“你抓鱼的样子好像一只鹭鸶。”兰说。
他直起身,手里已经多了一尾鱼。不大,银白色的鳞片在阳光下闪了闪,尾巴在他掌心里甩来甩去。他看了兰一眼。“鹭鸶?”
“嗯,就是那种站在水里一动不动的,嘴巴长长的——”
“我知道鹭鸶是什么。”他打断她,把鱼穿在腰间的草绳上,又重新弯下腰。
兰看着他继续弯腰抓鱼的背影,偷偷笑了。她晃了晃脚,水花溅起来,有几滴落在他卷起的裤腿上。扉间没有回头,但他的耳朵动了一下。兰看得清清楚楚,他把那点笑藏进嘴角,藏进那个只有她自己知道的、小小的弧度里。
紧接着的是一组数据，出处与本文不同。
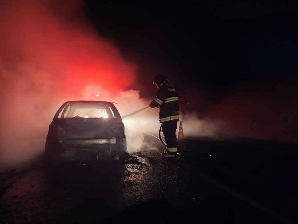 Um caminhoneiro que passava pelo local tentou conter as chamas com um extintor de incêndio de grande porte, mas o fogo se alastrou rapidamente.

溪水不停地流,从她的脚背上流过,从他的手指间流过,从两个人之间的空气里流过。兰不晃了。她把脚静静泡在水里,低着头,看着水面映出的自己的脸。水流过脚背,凉丝丝的,她的笑容一点一点收了。
“你走了以后,”她顿了顿,“这条溪还会在这儿吗?”
他的动作停了。他直起身,手里没有鱼,只有水珠从指尖滴落,一滴一滴地砸在水面上,砸出一个个小小的圆坑。他没有回头,声音很平。“在。”
兰点了点头,好像这个答案让她放心了什么。她继续晃脚,水面荡开一圈一圈的涟漪,把两个人的倒影搅在一起,分不清哪个是他的,哪个是她的。
他把手伸进怀里,摸到那根断了的琴弦和那几枚铜板。弦还断着,铜板还在,和他的心跳一起,在掌心微微发烫。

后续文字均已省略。